Since the total money supply of Litecoin is 4 times greater than the total money supply of Bitcoin, it implies that if 1 litecoin becomes worth more than 0.25 bitcoins then the market cap (and hence purchasing power) of Litecoin will be bigger than the market cap of Bitcoin, under the (probably incorrect) assumption that roughly the same fraction of litecoins and bitcoins were destroyed due to users losing their secret cryptographic keys.
- Time warp bug: the Bitcoin difficulty calculation is off by one block, so an attacker can repeatedly try to generate the last block of each retarget window, and use a fabricated timestamp of 2 hours into the future in order to make the time difference from the first block in the retarget window high, thus lowering the difficulty by 0.5%. Because of the bug, the bogus timestamp isn't used as the first block in the next retarget window, and therefore the 2 extra hours aren't being compensated for in the next difficulty calculation. Once the difficulty is low, the attacker can mine many fast coins, or in the case of a small chain, an attacker with 51% hash power could reduce the difficulty to 1 and mine a new fork from the genesis block. This isn't a feasible attack on Bitcoin, because the probability of repeatedly generating the last block once every 2 weeks at such high difficulties is negligible. Although fixing this issue in Bitcoin is possible, it should be done carefully (by adding rules that encourage nodes to upgrade over time) so to avoid a chain fork, i.e. old clients who didn't upgrade might operate with another difficulty and therefore disagree regarding which blocks are valid. In Litecoin this bug is fixed.

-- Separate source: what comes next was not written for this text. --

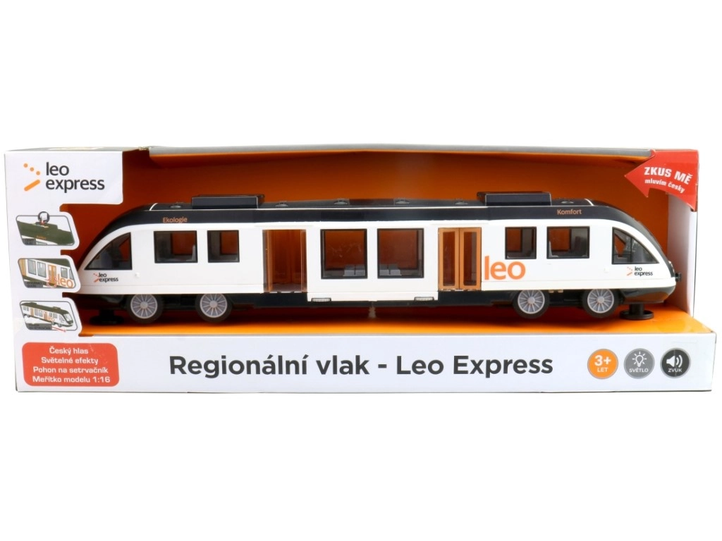 Vii lapsed raudteeseiklusele realistliku regionaalrongiga LEO EXPRESS. Mänguasi pakub tšehikeelseid teadustusi, valgusefekte ja hoorattavedu sujuvaks sõiduks ka ilma rööbasteta. Komplektis on AG13 patareid, nii et saate kohe mängima hakata. Sobib lastele alates 3. eluaastast.

One possible way to view Litecoin is as silver to Bitcoin's gold, in the sense that it is a relatively less valuable cryptocurrency that is easier to obtain and transact with. The properties that make Litecoin fit to accomplish this purpose can be summarized as follows:
- Transactions are 4 times faster than with Bitcoin, in exchange for less conservative and possibly weaker security guarantees (depending on human behavior).
- CPU/GPU mining means that the barriers to entry into the Litecoin mining market are cheap relative to Bitcoin mining.
- The total amount of litecoins is 4 times higher than the total amount of bitcoins.